Teriparatide is the bioactive N-terminal 34-amino-acid fragment of human parathyroid hormone (PTH). It exerts its effects by binding to the parathyroid hormone 1 receptor (PTH1R), a G protein-coupled receptor (GPCR) expressed on osteoblasts, osteocytes, and renal tubular cells. The critical pharmacological principle underlying teriparatide is the anabolic window: intermittent (pulsatile) PTH1R activation preferentially stimulates osteoblast-mediated bone formation, while continuous PTH exposure favors osteoclast-mediated bone resorption.

When teriparatide is injected once daily, serum PTH(1-34) levels rise rapidly, peak at ~30 minutes, and return to baseline within 3-4 hours. This brief pulse activates osteoblast signaling pathways including Wnt/beta-catenin, Runx2 transcription factor upregulation, and suppression of sclerostin (the endogenous Wnt pathway inhibitor produced by osteocytes). The net effect during the first 6-12 months of therapy is a period of predominant bone formation over resorption — the "anabolic window" — during which BMD increases substantially (PMID: 11346808).

Over longer treatment (12-24 months), osteoclast activity gradually catches up as bone remodeling is coupled, and the anabolic window narrows. This is one reason teriparatide treatment is limited to 24 months. After discontinuation, the gains in BMD and bone architecture are progressively lost unless an antiresorptive agent (bisphosphonate or denosumab) is initiated, establishing the sequential therapy paradigm: build bone first with teriparatide, then lock it in with an antiresorptive (PMID: 30694878).

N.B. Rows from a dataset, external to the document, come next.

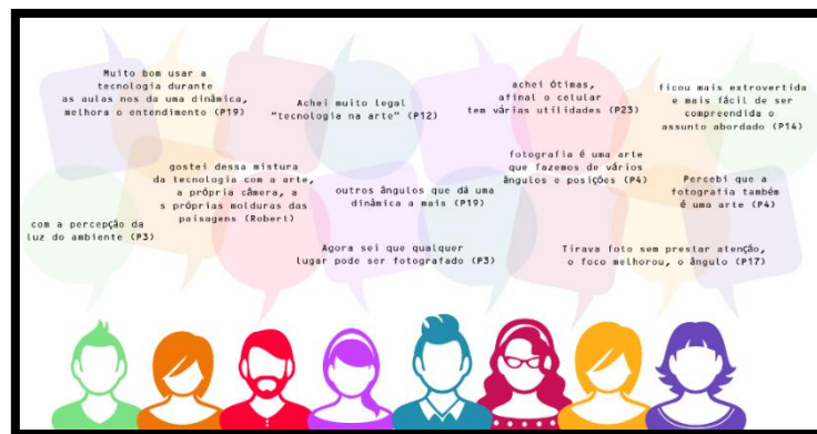
Figura 5 – Unidades de registro do olhar técnico

Retomamos a ideia da Abordagem Triangular de Barbosa para vislumbrar que durante o projeto houve momentos de leitura de imagem como fala P3 “despertando novas maneiras de analisa as fotografia (sic) (SILVA, 2017, p.116)”, de análise crítica de fotografias e contextualização sobre os fotógrafos estudados em paralelo com suas realidades no qual segundo P12 puderam “Aprender sobre a fotografia e poder interagir” (SILVA, 2017, p.116), bem como um espaço de produção artística como destaca Anne “eu tirei uma foto que a luz ficou em um ponto muito bom que eu pensei que não ia ter aquele resultado, acho que foi isso, a luz e o momento” (SILVA, 2017, p.116). Selecionamos outras opiniões (questionário final, 2017) que trazem percepções sobre o uso de celulares nas aulas de Arte conforme a figura 5:
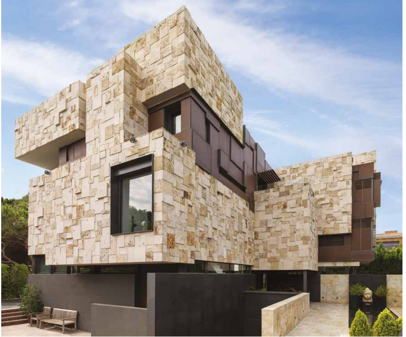
Questo prospetto è decisamente suggestivo, costruito con la pietra pomice estratta da una cava nei pressi di Girona. La forma irregolare ed il casuale gioco di sporgenze produce – in assenza di luce naturale – entusiasmanti effetti di luci e ombre potenziati da un abile studio illuminotecnico.
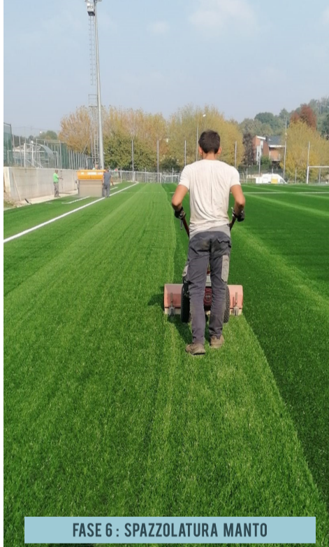
FASE 6: SPAZZOLATURA MANTO
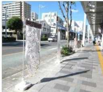
歩道に設置された違反のぼり旗 (是正指導)
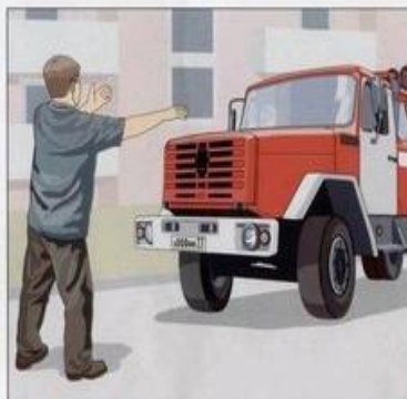
Встретить пожарные подразделения
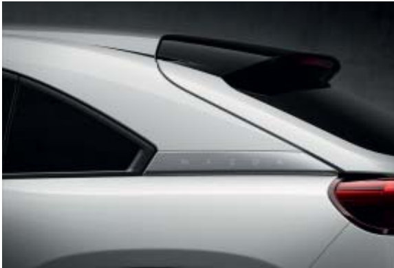
Arctic White Solid
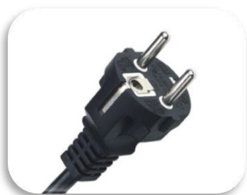
Schuko (Tip F – CEE 7/4 utičnica)
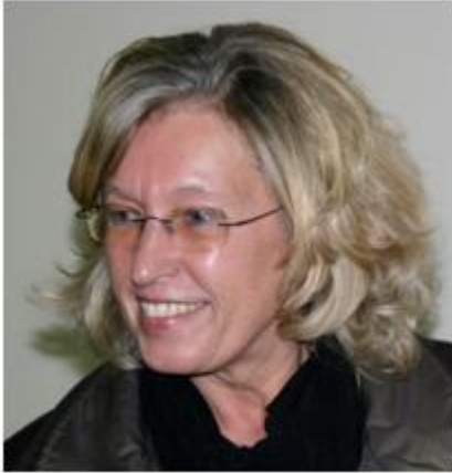
profil de l'auteur
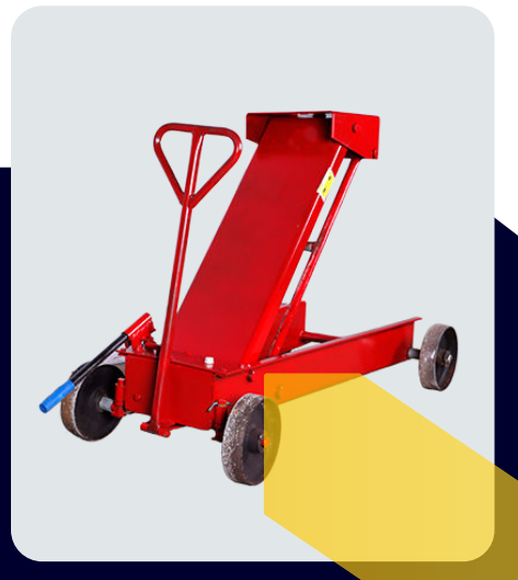
جک گیربکس درآر تک پمپ چدنی ۴ تایر
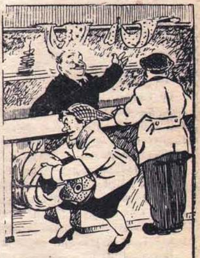
Лавочка из-под прилавочка.
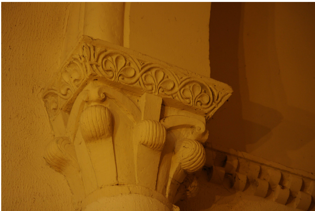
Fig. 12 : église Saint-Laurent d'Aignan, absidiole sud, chapiteau n° 1..
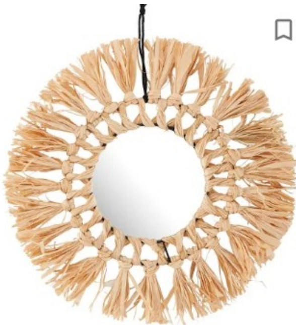
RAFFIA Spiegel naturel

Tijdens het bouwen en onderhouden van je Dossier, word je snel wijzer.
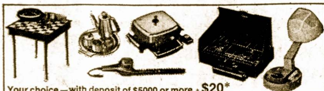
Your choice — with deposit of $500 or more — $20*
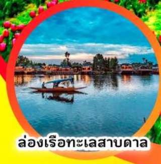
ล่องเรือทะเลสาบดาล
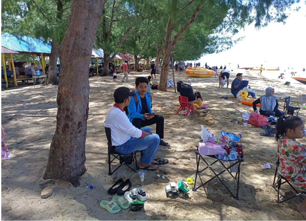
Gambar 5: Proses wawancara pada salah satu pengelola pariwisata
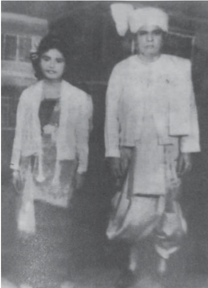
ရှေးယခင်ခေတ် မရမာကြီး တိုင်းရင်းသား အမျိုးသားနှင့် အမျိုးသမီးတို့၏ ဝတ်စားဆင်ယင်မှုပုံစံ
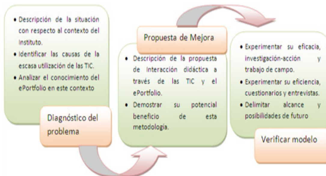
Figura 4. Diseño del proceso de investigación
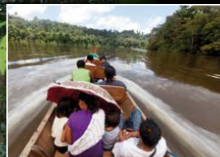
Appui aux créateurs d'entreprises.
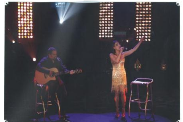
劇場内ステージにおける公演
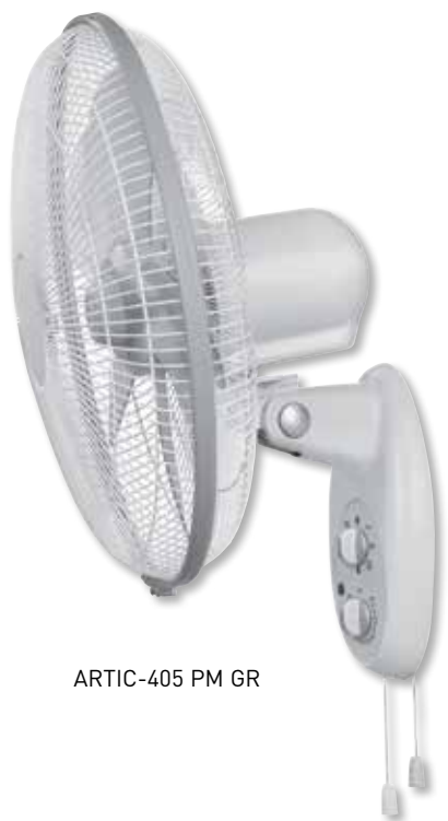
ARTIC-405 PM GR
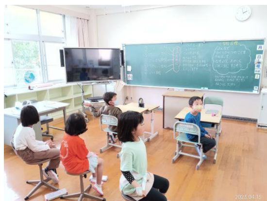
【 目標決めの様子 】

さっそく、掲示用に何色の広用紙にするのか、実際の広用紙の色を見ながら決めました。今年は、緑色の広用紙になりそうです。4/29(土)の授業参観には、完成していると思いますので、ぜひご覧ください。
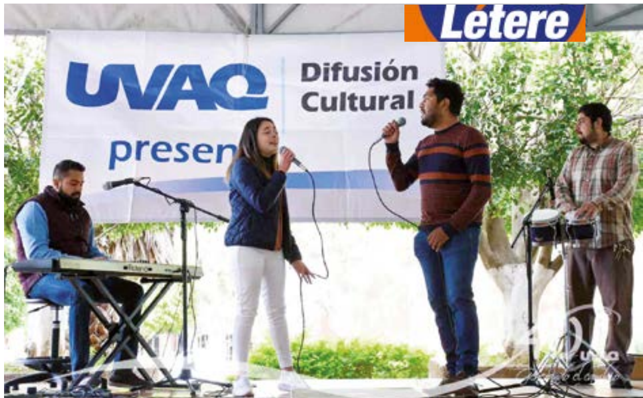
Estudiantes de diversas carreras ofrecieron un festival cultural.

Periodos de registro Enero y Febrero de 2019
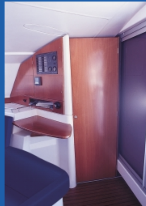
Door for private suite
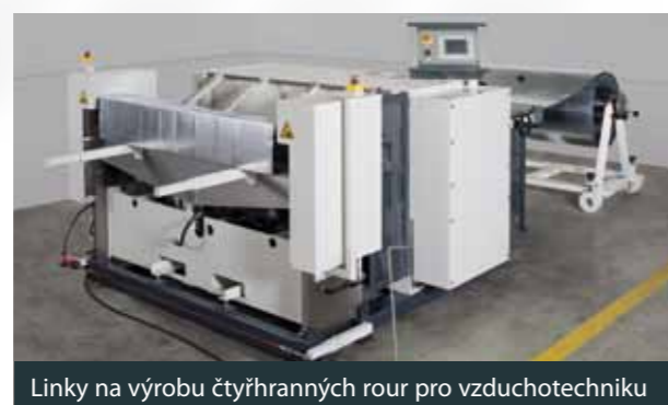
Linky na výrobu čtyřhranných rour pro vzduchotechniku
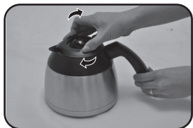
Figura 1: gire no sentido horário para fechar

Nota: O café tende a perder calor rapidamente quando servido em dias muito frio, o mesmo pode acontecer quando for servido em pouca quantidade e em xícaras muito grande, neste caso; recomenda-se utilizar xícaras com tamanho apropriado à dose do café desejado e consumir o café logo após seu preparo, ou ainda, servir uma quantidade maior de café.
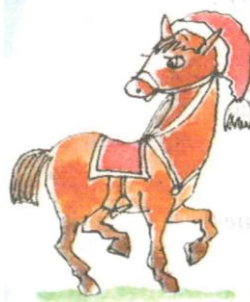
ло ш адке в ш апке

In the kidney, PTH1R activation increases calcium reabsorption and phosphate excretion, and stimulates 1,25-dihydroxyvitamin D production. Mild transient hypercalcemia (typically <11 mg/dL) is the most common metabolic effect.

Key Research Areas

1. Vertebral fracture prevention — The landmark Neer 2001 trial (n=1637) demonstrated a 65% reduction in new vertebral fractures with 20 mcg/day teriparatide vs placebo over median 21 months (PMID: 11346808)
2. Non-vertebral fracture reduction — 53% reduction in non-vertebral fragility fractures in the pivotal trial; subsequent meta-analyses confirm a consistent 40-56% reduction (PMID: 39222329)
3. Superiority over bisphosphonates — Meta-analysis of 23 RCTs shows teriparatide produces greater BMD gains at lumbar spine and femoral neck vs bisphosphonates and denosumab (PMID: 39222329)
4. Glucocorticoid-induced osteoporosis — Superior to alendronate in preventing vertebral fractures in patients receiving chronic glucocorticoids
5. Sequential therapy — Teriparatide followed by antiresorptive therapy maintains or extends BMD gains; antiresorptive-first then teriparatide may blunt the anabolic response (PMID: 30694878)
6. Fracture healing acceleration — Emerging evidence for off-label use in accelerating healing of difficult fractures (non-unions, stress fractures)

Evidence Level Summary

Evidence Type	Count	Notes
Systematic reviews	2	Comprehensive fracture prevention reviews
Human RCTs	1	Pivotal Neer 2001 Fracture Prevention Trial (n=1637)
Human observational	0	—
Animal in vivo	0	—
In vitro	0	—

Clinical Applications

• Osteoporosis — Primary indication: postmenopausal women and men at high fracture risk, glucocorticoid-induced osteoporosis
• Fracture healing — Off-label use for delayed unions and non-unions

Protocols Using This Peptide

• No current vault protocols use teriparatide (FDA-approved prescription medication, not a research peptide)

Ageless Peps Products

• APWS-Teriparatide-Vial — Teriparatide 10mg Vial, $74, wholesale only (clinical label)

Dosing Reference

FDA-Approved Dosing

Indication	Dose	Route	Frequency	Duration	Source
Osteoporosis (postmenopausal women)	20 mcg	SubQ	Once daily	Up to 24 months	FDA label
Osteoporosis (men at high fracture risk)	20 mcg	SubQ	Once daily	Up to 24 months	FDA label
Glucocorticoid-induced osteoporosis	20 mcg	SubQ	Once daily	Up to 24 months	FDA label

Cycling

Teriparatide is limited to 24 months of continuous use based on the FDA label. This restriction originated from rodent toxicology studies showing osteosarcoma in Fischer 344 rats at high doses and long durations. The 24-month limit remains precautionary; no increased osteosarcoma risk has been observed in humans after >15 years of post-marketing surveillance. After completing teriparatide, patients transition to an antiresorptive (bisphosphonate or denosumab) to maintain BMD gains. Repeat courses of teriparatide have been studied but are not routinely recommended.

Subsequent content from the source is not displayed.